A
pauta de reivindicações e a reivindicação da pauta
"Primeiro
eles te ignoram, depois riem de você,
depois brigam, e então você
vence."
(Frase atribuída a Mahatma Gandhi)
(Frase atribuída a Mahatma Gandhi)
As
manifestações que vêm acontecendo no Brasil nas últimas semanas
surgiram em torno de uma pauta simples, direta, concreta: a revogação
do aumento do preço das passagens do transporte público, aumento que aconteceu em várias
cidades do país. Tanto quanto eu saiba, a única cidade em que tais
manifestações foram capitaneadas por um movimento voltado
especificamente para a questão do transporte público no Brasil e
que propõe uma solução precisa para esse problema é São Paulo: o
movimento é o Movimento Passe Livre (MPL); a solução precisa, o
projeto Tarifa Zero.
Curioso
que ainda assim há quem diga que o movimento não tem uma pauta
clara. “Há quem diga” é muita bondade: a grande mídia quis
fazer parecer que é assim, tentativa que foi muito bem exemplificada
na primeira intervenção de Arnaldo Jabor sobre o tema. Por sinal, o
comportamento dessa mídia parece, a primeira vista, fazer valer a
famosa frase de Gandhi: primeiro, tentaram ignorar as manifestações,
colocando-as, como é de praxe, na parte dos seus respectivos jornais
dedicada ao trânsito; depois, com Jabor, tentaram rir do movimento;
em seguida, com a benção de editorais de grandes jornais, a
repressão policial pôde correr solta; por fim, com o feitiço
virando contra o feiticeiro, quando vários de seus próprios
jornalistas foram atingidos pela violência policial, a mídia passou
a apoiar as manifestações, com direito a retratação do Jabor e
mudança de posição ao vivo do Datena – e aí, da parte dessas,
não faltou quem dissesse: vencemos... Mas vencemos, mesmo?
Não
obstante a clareza “didática” que se pode alcançar ao
interpretar o comportamento da mídia a partir da frase de Gandhi,
tal interpretação certamente é limitada.
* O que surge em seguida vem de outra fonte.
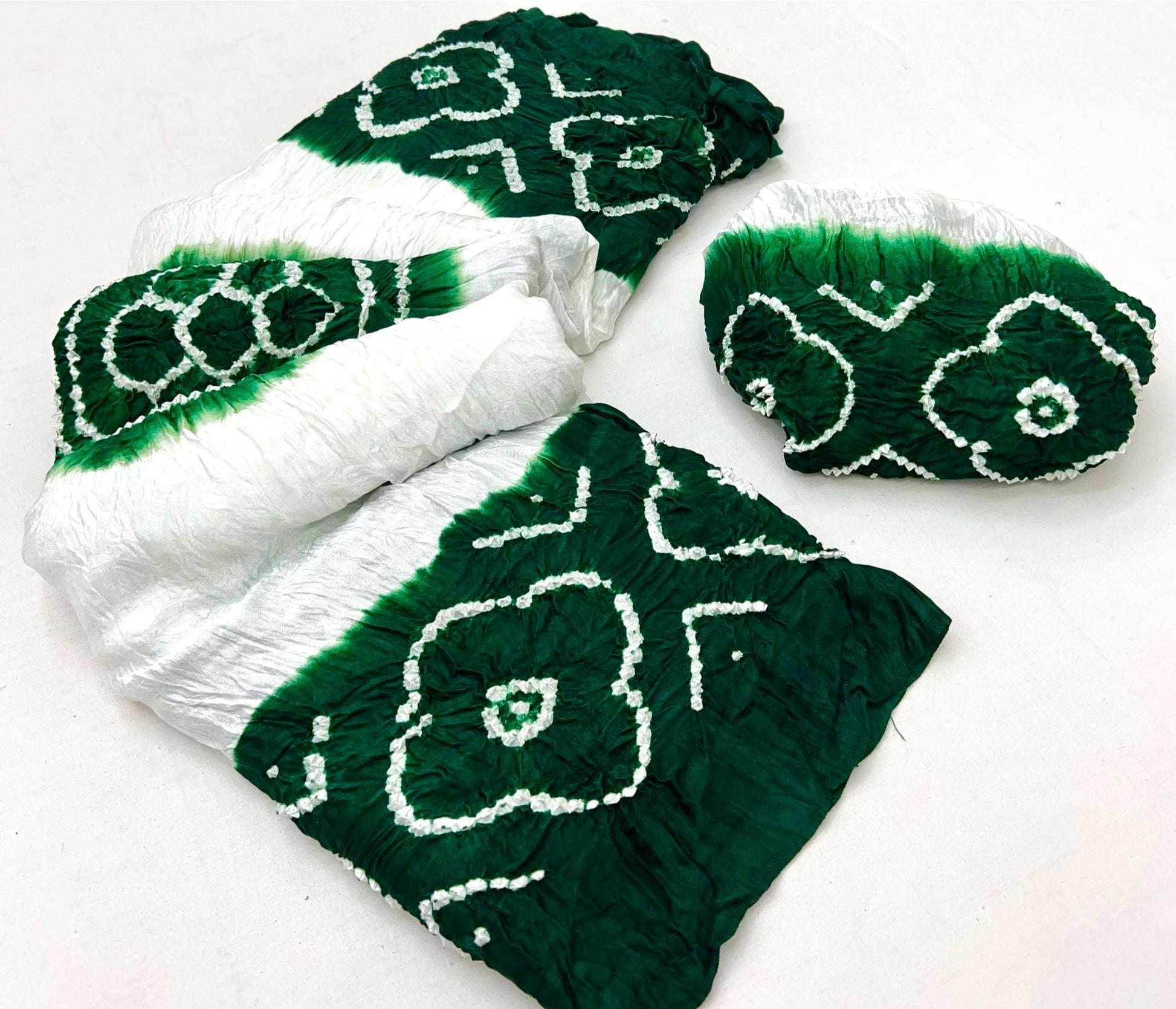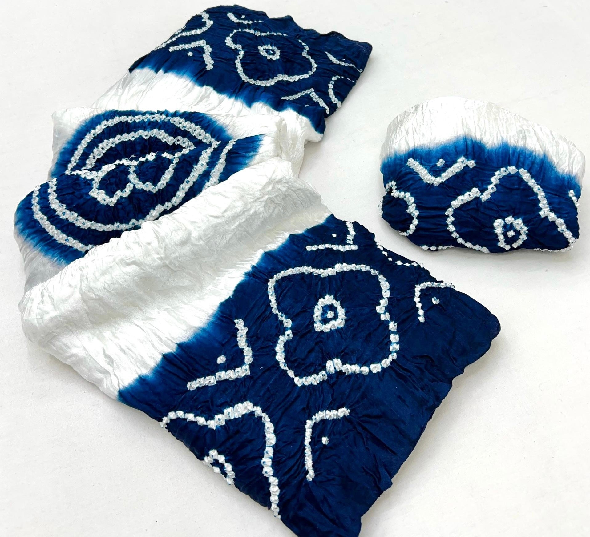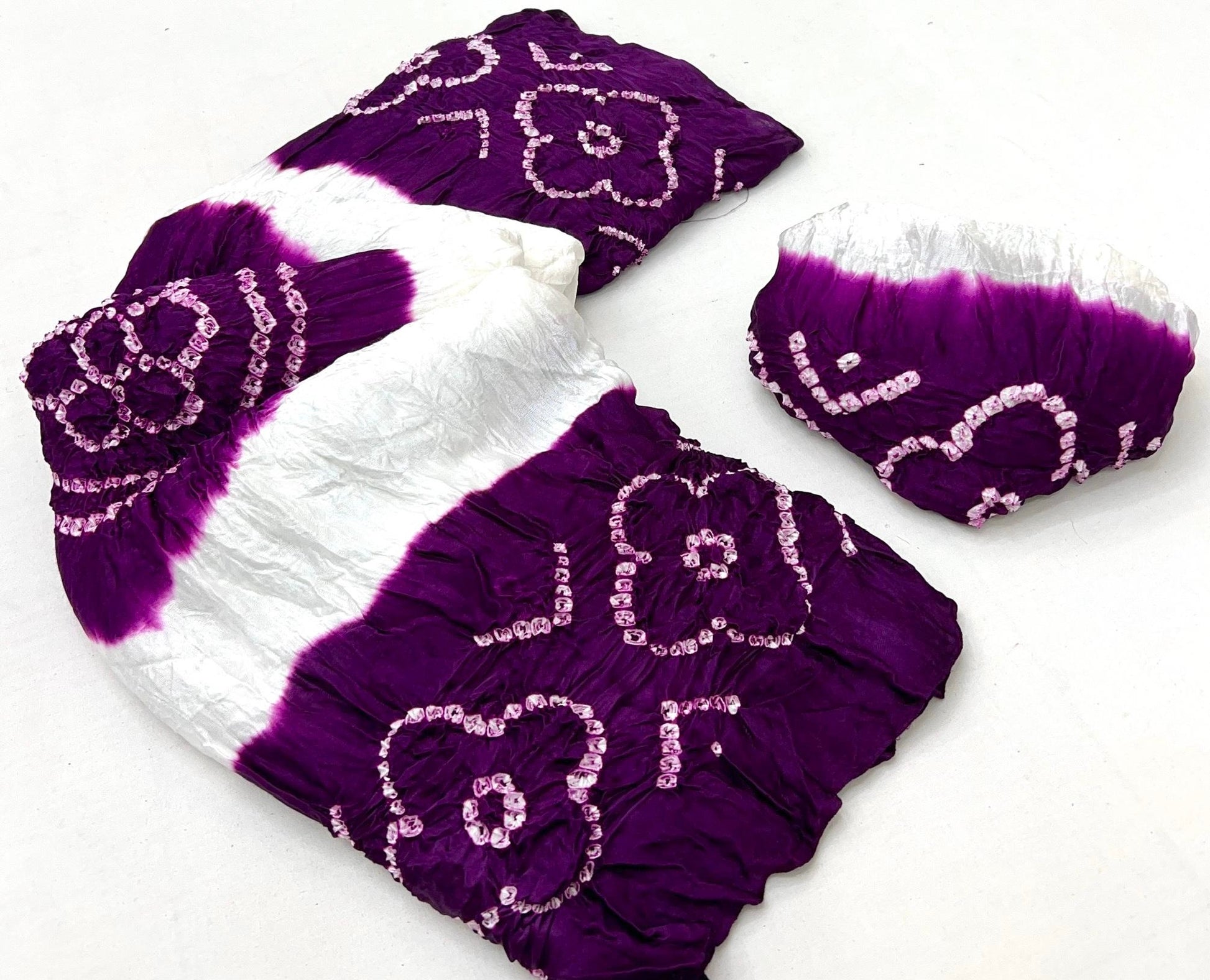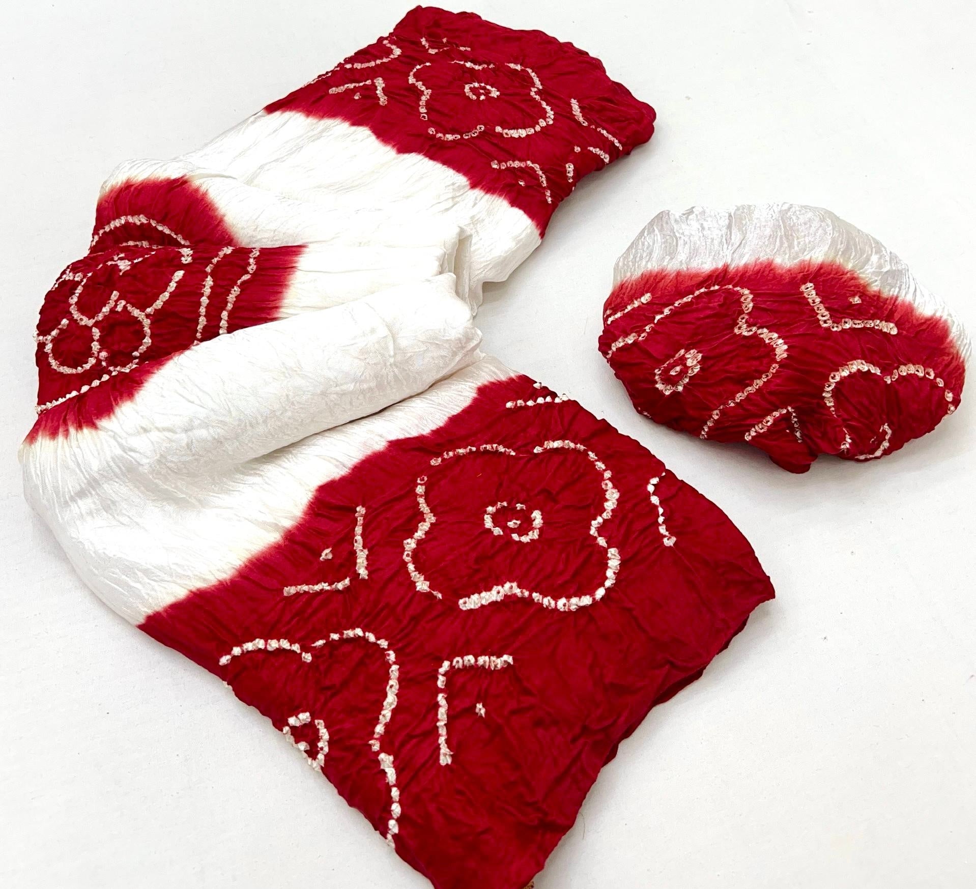 Luxurious Gajji silk saree adorned with vibrant contrast Bandhani patterns, ideal for festive and special occasions.

Em primeiro lugar, a
sequência de mudanças de comportamento da mídia certamente não é
tão rígida e estanque, mas muito complexa e repleta de idas e
vindas. Em particular, há que se lembrar que a violência policial
em nome de uma defesa de patrimônio colocada muitas vezes acima das
pessoas e de um intocável direito de ir e vir que vale sobretudo
para os carros particulares que lotam o espaço público marcou desde
o início o comportamento do poder público com relação às
manifestações (sobretudo em São Paulo e no Rio) – e que tal
comportamento foi mais ou menos explicitamente apoiado pela mídia
desde o princípio.
Mas
o principal limite a ser enfocado aqui diz respeito ao final da
frase. Com efeito, o apoio da mídia às manifestações certamente
não é uma derrota, mas é, no mínimo, uma vitória ambígua e
perigosa: se, por um lado, tal apoio representa o reconhecimento
inegável da força das massas, por outro, não se pode esquecer que
ele vem acompanhado de um discurso que busca dar a pauta do movimento
e, com isso, tirar-lhe a força e escondê-lo no mesmo movimento em
que o mostra – ou melhor, parece mostrá-lo. As estratégias
nesse sentido são várias: ora se tenta dizer que a manifestação é
“contra tudo que está aí”, o que leva a um esvaziamento de
pautas concretas e imediatamente atingíveis; ora se diz que é “pelo
próprio direito de se manifestar”, o que leva ao risco de tomar as
manifestações como algo que se esgote no próprio movimento de se
manifestar e que não espera nenhuma resposta efetiva do poder
público; ora, enfim, tentam fazer com que surfem na onda de
manifestações pautas tradicionalmente conservadoras como a
antipolítica (manifesta sobretudo no antipartidarismo), o oposição
aos programas de transferência de renda, a redução dos impostos, o
nacionalismo exacerbado e a “moralização” da política (pauta
esta, diga-se de passagem, muitas vezes encampada por quadros da
esquerda) e outras, no mínimo, controversas, como a oposição à
PEC 37.
Certamente
essas tentativas não deixam de ter respaldo na composição complexa
que as manifestações foram tomando (e, quiçá, em parte já tinham
ab initio) na medida em que cresciam e outros grupos se
integravam ao movimento. Em comum, uma espécie de insatisfação de
fundo, mas que se desdobrava em uma miríade de reivindicações
concretas (ou nem tanto), por vezes contraditórias, dentre elas
aquelas mencionadas no último parágrafo. Os relatos de militantes
de partidos de esquerda tendo suas bandeiras retiradas e sendo
espancados mostram com clareza que há elementos de cunho reacionário
e fascista presentes nas manifestações. O quanto a mídia é
“causa” ou “expressão” de algumas dessas posturas é quase
com certeza impossível de dizer – e provavelmente ocioso. Que ela
fomenta pautas conservadores, creio que ninguém tem dúvida. Isso
posto, o ponto é: como fazer para que as manifestações não virem,
como já temem alguns (e, a meu ver, não sem certa razão), uma
Marcha da Família com Deus pela Liberdade?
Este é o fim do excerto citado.